• What you should do
The stretch from the line with "This collectible phone" through the line with "Incentive os convidados" in the records below: write it out exactly, and nothing else.

[Opening Listed entries section]

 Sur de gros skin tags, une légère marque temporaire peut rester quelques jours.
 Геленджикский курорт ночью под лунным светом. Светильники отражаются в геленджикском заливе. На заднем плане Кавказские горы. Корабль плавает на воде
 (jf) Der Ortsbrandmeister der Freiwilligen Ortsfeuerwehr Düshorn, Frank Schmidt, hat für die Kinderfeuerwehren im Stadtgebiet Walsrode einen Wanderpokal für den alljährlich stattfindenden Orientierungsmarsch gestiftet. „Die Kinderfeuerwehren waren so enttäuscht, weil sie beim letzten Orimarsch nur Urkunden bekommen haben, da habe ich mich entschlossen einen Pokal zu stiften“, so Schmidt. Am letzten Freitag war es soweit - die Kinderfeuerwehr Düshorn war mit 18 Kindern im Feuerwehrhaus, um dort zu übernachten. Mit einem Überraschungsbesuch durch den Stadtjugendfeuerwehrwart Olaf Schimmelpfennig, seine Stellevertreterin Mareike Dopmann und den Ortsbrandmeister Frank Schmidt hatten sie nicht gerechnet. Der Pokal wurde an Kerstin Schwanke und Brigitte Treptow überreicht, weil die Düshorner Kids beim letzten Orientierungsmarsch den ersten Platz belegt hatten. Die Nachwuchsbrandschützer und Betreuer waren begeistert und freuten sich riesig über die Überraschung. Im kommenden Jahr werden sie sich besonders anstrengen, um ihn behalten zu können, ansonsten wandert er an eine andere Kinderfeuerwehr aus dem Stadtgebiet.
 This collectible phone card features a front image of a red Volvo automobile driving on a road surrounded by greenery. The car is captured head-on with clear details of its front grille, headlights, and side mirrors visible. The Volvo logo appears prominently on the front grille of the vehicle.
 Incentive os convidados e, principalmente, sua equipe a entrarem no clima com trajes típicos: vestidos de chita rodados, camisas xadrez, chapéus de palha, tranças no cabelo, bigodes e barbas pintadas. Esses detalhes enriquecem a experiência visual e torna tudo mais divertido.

[Closing Listed entries section]
[Opening Listed entries section]

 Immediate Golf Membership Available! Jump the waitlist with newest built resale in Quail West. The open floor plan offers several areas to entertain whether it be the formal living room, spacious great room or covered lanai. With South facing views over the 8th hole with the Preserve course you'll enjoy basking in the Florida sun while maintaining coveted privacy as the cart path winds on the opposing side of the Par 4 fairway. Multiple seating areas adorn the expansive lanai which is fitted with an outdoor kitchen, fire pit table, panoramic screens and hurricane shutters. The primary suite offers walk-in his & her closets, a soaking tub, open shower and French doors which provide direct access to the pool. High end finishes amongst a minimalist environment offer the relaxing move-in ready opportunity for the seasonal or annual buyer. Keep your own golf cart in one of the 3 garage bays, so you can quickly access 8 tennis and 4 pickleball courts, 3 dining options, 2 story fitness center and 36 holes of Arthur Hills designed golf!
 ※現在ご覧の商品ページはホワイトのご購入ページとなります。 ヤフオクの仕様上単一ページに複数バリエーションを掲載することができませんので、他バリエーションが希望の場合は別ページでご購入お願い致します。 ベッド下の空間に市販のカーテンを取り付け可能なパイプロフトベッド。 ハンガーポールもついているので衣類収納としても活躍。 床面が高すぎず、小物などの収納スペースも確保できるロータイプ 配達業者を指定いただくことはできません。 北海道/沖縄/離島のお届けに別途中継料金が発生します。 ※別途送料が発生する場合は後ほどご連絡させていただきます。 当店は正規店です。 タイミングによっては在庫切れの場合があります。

[Closing Listed entries section]

• Solution to the problem
 This collectible phone card features a front image of a red Volvo automobile driving on a road surrounded by greenery. The car is captured head-on with clear details of its front grille, headlights, and side mirrors visible. The Volvo logo appears prominently on the front grille of the vehicle.
 Incentive os convidados e, principalmente, sua equipe a entrarem no clima com trajes típicos: vestidos de chita rodados, camisas xadrez, chapéus de palha, tranças no cabelo, bigodes e barbas pintadas. Esses detalhes enriquecem a experiência visual e torna tudo mais divertido.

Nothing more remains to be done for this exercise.